Problem details>
From the line below that contains "فروشنده است, استعلام" to the line that contains "Name cdt Puja", repeat every line exactly, both ends included, and nothing else.

Data to process>
________________________________________

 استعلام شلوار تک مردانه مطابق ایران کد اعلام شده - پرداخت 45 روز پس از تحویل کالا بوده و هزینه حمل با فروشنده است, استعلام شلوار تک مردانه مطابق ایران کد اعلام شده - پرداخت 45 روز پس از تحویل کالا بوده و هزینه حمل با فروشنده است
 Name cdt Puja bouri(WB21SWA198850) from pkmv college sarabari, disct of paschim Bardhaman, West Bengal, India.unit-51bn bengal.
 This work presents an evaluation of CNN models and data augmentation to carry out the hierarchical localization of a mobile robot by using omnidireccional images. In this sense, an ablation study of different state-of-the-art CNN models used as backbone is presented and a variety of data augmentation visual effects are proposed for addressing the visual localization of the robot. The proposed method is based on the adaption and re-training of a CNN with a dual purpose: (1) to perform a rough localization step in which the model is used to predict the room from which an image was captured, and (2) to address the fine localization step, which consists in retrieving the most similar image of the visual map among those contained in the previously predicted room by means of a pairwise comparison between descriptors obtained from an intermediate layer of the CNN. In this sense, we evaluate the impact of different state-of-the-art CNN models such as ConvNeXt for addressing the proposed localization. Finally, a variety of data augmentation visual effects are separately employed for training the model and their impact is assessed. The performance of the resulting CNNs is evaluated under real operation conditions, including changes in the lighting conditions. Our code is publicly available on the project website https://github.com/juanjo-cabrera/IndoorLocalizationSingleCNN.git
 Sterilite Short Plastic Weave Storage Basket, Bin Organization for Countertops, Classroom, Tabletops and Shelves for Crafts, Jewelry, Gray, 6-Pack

________________________________________

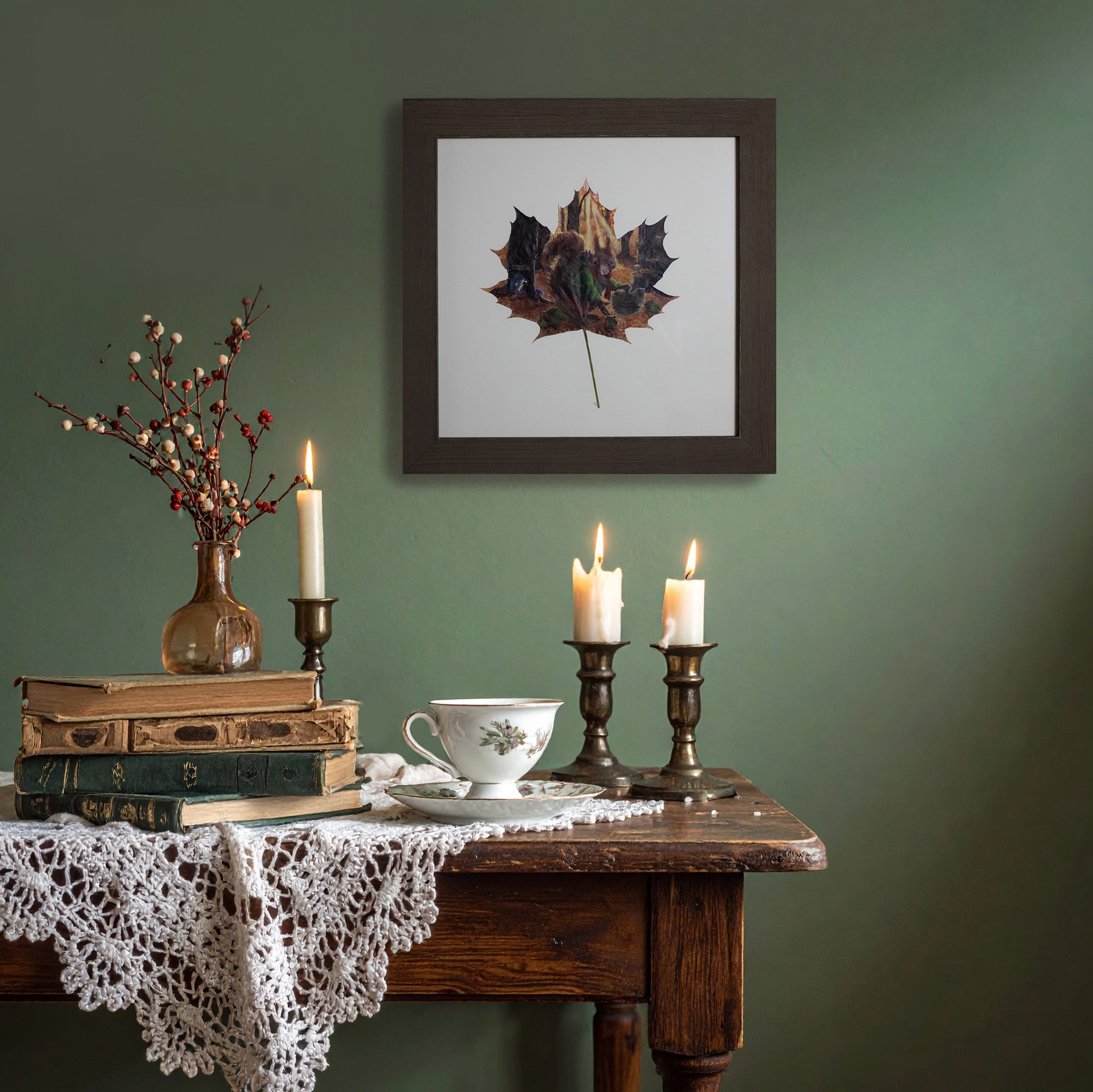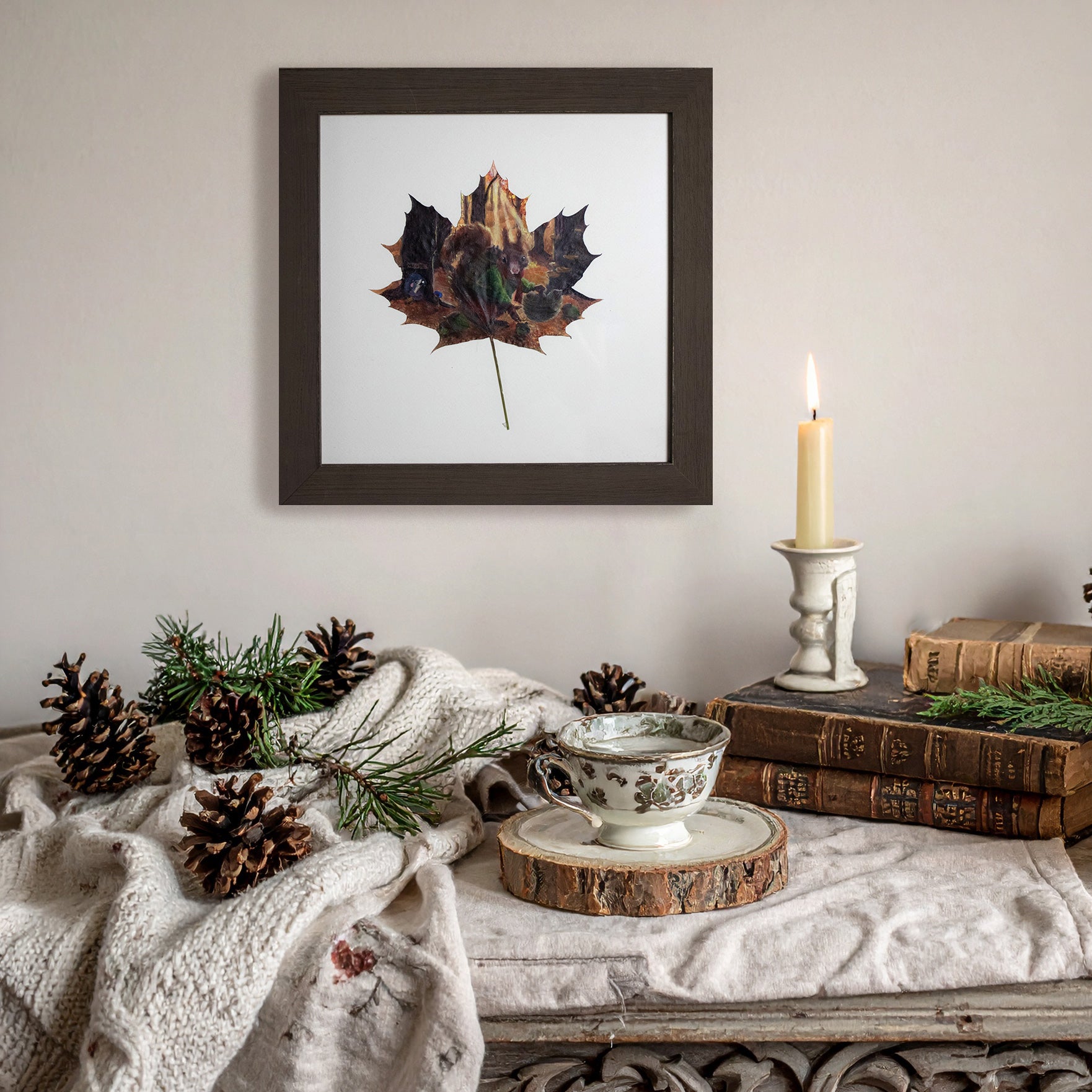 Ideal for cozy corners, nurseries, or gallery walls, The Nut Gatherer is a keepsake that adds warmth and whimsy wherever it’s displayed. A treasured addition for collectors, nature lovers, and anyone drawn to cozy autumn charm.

________________________________________

Task solution>
 استعلام شلوار تک مردانه مطابق ایران کد اعلام شده - پرداخت 45 روز پس از تحویل کالا بوده و هزینه حمل با فروشنده است, استعلام شلوار تک مردانه مطابق ایران کد اعلام شده - پرداخت 45 روز پس از تحویل کالا بوده و هزینه حمل با فروشنده است
 Name cdt Puja bouri(WB21SWA198850) from pkmv college sarabari, disct of paschim Bardhaman, West Bengal, India.unit-51bn bengal.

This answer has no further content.